Friday, March 05, 2010

Why is Stephen Joyce using old data?

According to Stephen Joyce, on Wednesday, March 3, 2010;

Young drivers make up 14.5 percent of New Zealand's population and 16 percent of all licensed drivers, but in 2008 they were involved in around 37 percent of all serious injury crashes.

The latest annual road crash statistics to the end of January 2010 show that young drivers were involved in 32 percent of all injury crashes.

From the same release;

"Across the Tasman, for example, young Australians have a road fatality rate of 13 per 100,000 of population, while young New Zealanders have a fatality rate of 21 per 100,000 of population."

In NZ there were 47 15-24 year-old driver fatalities in the most recent year.

According to the HLFS estimated working age population at Dec 2009 there were 627,300 15-24 year-olds.

That means the fatality rate for young drivers was 13.3 per 100,000. The fatality rate for all 15-24 year-old drivers, passengers, pedestrians, cyclists and motorcyclists is 17.7 per 100,000.
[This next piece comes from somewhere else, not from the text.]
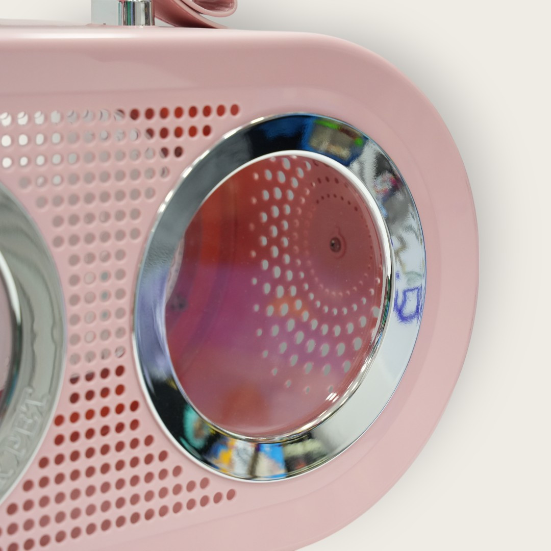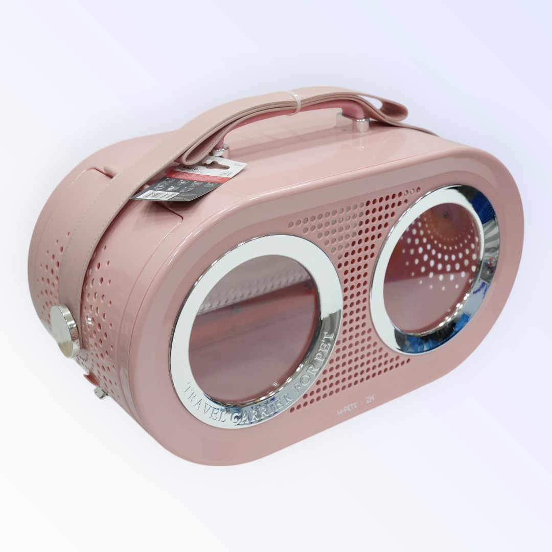 This modern and chic pet carrier by M-PETS in a soft pink hue is designed for pet owners seeking both style and functionality. The carrier features a unique dual-window design with transparent portholes that let your pet see out comfortably while traveling, reducing anxiety. The perforated front allows excellent ventilation, ensuring a fresh environment for your pet. Crafted with sturdy materials, this carrier is perfect for short trips or vet visits, combining ease of use and a fashionable appearance.

If he is going to use annual statistics, why not the most recent? Because they are not as bad?


Eric Crampton said...

The comparison of youth accident rates on the two sides of the Tasman is utterly useless without a baseline comparison. The roads here are more dangerous than the ones there. What we really need is a ratio OF ratios: get the fatality rate ratio for say 40 year olds, then compare that ratio to the youth ratio.

Anonymous said...

"If he is going to use annual statistics, why not the most recent? Because they are not as bad?"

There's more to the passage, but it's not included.